§ **Supplied material**
··········

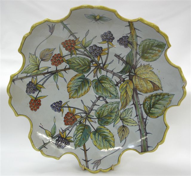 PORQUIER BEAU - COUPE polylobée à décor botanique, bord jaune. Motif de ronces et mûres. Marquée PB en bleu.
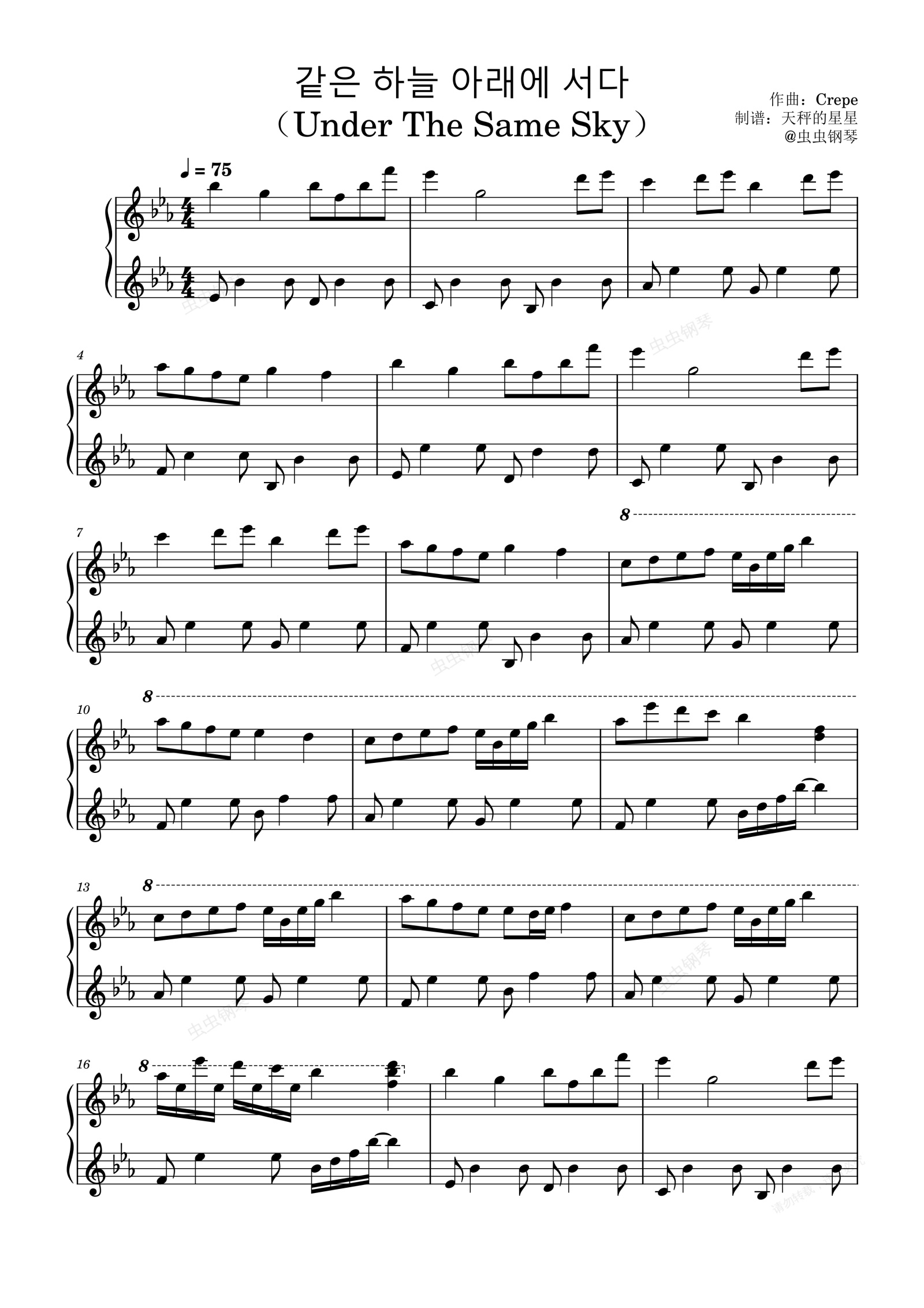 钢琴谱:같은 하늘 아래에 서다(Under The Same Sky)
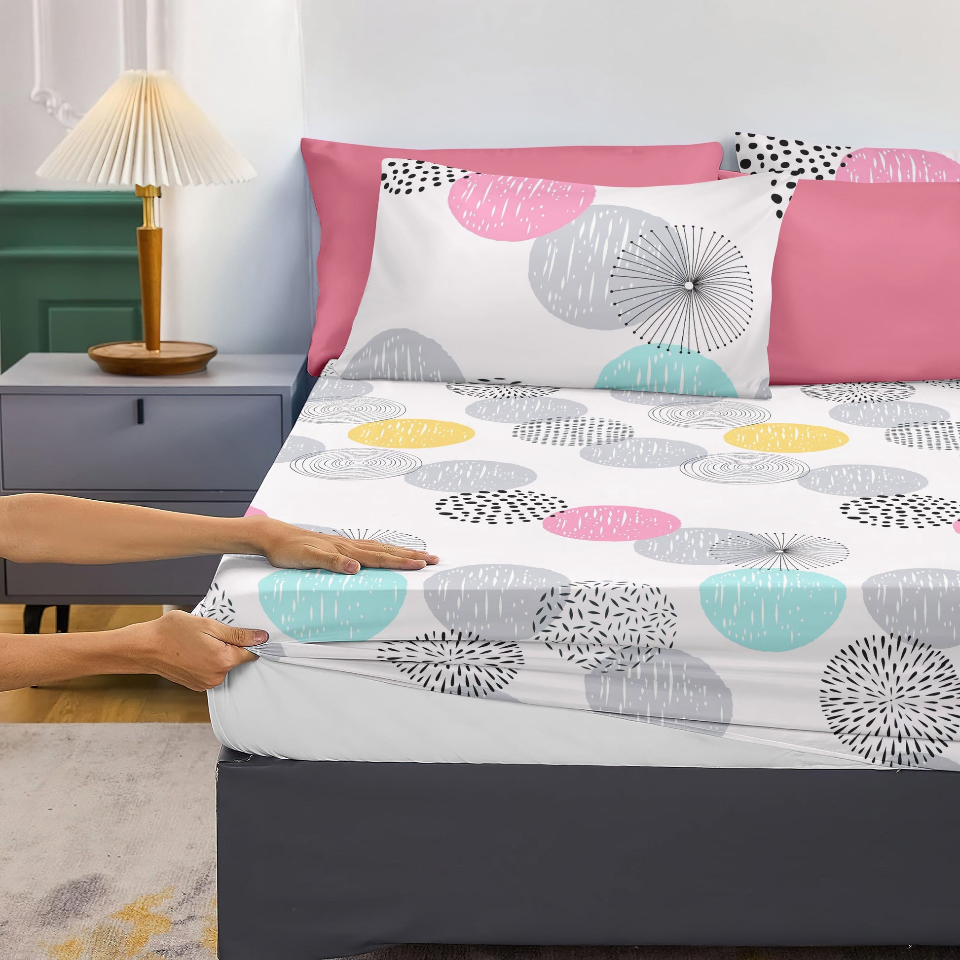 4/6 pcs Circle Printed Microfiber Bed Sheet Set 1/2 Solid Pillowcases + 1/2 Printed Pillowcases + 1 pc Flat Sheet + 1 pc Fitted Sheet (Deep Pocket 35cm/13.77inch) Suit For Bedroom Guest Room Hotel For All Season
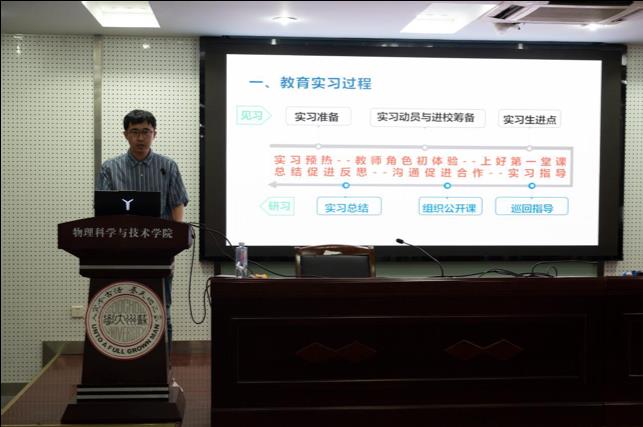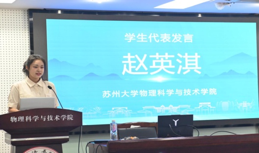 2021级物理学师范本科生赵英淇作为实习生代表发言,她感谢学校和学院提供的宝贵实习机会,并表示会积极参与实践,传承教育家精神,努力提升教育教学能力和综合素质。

··········

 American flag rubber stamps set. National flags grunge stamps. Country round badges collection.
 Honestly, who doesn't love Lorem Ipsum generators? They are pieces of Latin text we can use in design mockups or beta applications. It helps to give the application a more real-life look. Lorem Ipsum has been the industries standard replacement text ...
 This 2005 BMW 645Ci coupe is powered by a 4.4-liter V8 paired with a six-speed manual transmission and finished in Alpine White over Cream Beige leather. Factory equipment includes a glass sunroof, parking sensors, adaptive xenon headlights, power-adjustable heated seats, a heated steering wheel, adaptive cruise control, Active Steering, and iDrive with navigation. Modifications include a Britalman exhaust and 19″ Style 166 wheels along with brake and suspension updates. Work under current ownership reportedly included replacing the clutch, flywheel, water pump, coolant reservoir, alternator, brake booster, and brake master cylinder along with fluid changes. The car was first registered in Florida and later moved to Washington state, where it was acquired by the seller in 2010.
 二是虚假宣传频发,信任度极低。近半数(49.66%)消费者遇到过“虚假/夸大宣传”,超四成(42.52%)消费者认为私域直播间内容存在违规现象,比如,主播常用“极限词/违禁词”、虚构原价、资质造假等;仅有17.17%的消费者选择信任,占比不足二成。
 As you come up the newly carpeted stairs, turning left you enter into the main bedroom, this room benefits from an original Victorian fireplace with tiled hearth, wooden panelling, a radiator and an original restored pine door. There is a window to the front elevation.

··········

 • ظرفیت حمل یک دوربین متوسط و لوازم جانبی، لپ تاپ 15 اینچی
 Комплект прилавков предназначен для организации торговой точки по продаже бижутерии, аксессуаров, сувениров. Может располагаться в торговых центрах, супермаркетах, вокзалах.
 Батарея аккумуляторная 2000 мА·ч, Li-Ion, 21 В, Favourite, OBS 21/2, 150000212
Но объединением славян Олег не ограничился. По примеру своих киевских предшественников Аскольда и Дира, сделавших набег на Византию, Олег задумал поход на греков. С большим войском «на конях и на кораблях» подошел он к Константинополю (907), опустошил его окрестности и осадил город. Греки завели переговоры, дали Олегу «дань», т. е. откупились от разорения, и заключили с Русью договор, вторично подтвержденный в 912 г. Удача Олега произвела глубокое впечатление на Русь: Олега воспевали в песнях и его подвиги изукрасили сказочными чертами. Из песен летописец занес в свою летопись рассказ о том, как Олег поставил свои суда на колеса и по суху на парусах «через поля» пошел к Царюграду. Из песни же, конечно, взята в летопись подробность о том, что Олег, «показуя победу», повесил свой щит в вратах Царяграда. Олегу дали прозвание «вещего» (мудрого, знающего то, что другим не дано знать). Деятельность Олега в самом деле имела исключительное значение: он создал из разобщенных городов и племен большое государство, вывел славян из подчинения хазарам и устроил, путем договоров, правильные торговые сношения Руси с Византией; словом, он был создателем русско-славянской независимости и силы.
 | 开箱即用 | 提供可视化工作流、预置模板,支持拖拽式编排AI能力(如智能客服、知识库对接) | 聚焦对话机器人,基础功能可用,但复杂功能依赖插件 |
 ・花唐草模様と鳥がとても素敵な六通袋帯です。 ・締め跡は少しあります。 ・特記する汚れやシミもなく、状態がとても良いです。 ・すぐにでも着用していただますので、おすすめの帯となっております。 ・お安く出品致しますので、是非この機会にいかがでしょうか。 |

··········

§ **The problem**
Could you repeat exactly the lines above from the line with "American flag rubber" up to and including the line with "As you come", and only those?

§ **Answer to the exercise**
 American flag rubber stamps set. National flags grunge stamps. Country round badges collection.
 Honestly, who doesn't love Lorem Ipsum generators? They are pieces of Latin text we can use in design mockups or beta applications. It helps to give the application a more real-life look. Lorem Ipsum has been the industries standard replacement text ...
 This 2005 BMW 645Ci coupe is powered by a 4.4-liter V8 paired with a six-speed manual transmission and finished in Alpine White over Cream Beige leather. Factory equipment includes a glass sunroof, parking sensors, adaptive xenon headlights, power-adjustable heated seats, a heated steering wheel, adaptive cruise control, Active Steering, and iDrive with navigation. Modifications include a Britalman exhaust and 19″ Style 166 wheels along with brake and suspension updates. Work under current ownership reportedly included replacing the clutch, flywheel, water pump, coolant reservoir, alternator, brake booster, and brake master cylinder along with fluid changes. The car was first registered in Florida and later moved to Washington state, where it was acquired by the seller in 2010.
 二是虚假宣传频发,信任度极低。近半数(49.66%)消费者遇到过“虚假/夸大宣传”,超四成(42.52%)消费者认为私域直播间内容存在违规现象,比如,主播常用“极限词/违禁词”、虚构原价、资质造假等;仅有17.17%的消费者选择信任,占比不足二成。
 As you come up the newly carpeted stairs, turning left you enter into the main bedroom, this room benefits from an original Victorian fireplace with tiled hearth, wooden panelling, a radiator and an original restored pine door. There is a window to the front elevation.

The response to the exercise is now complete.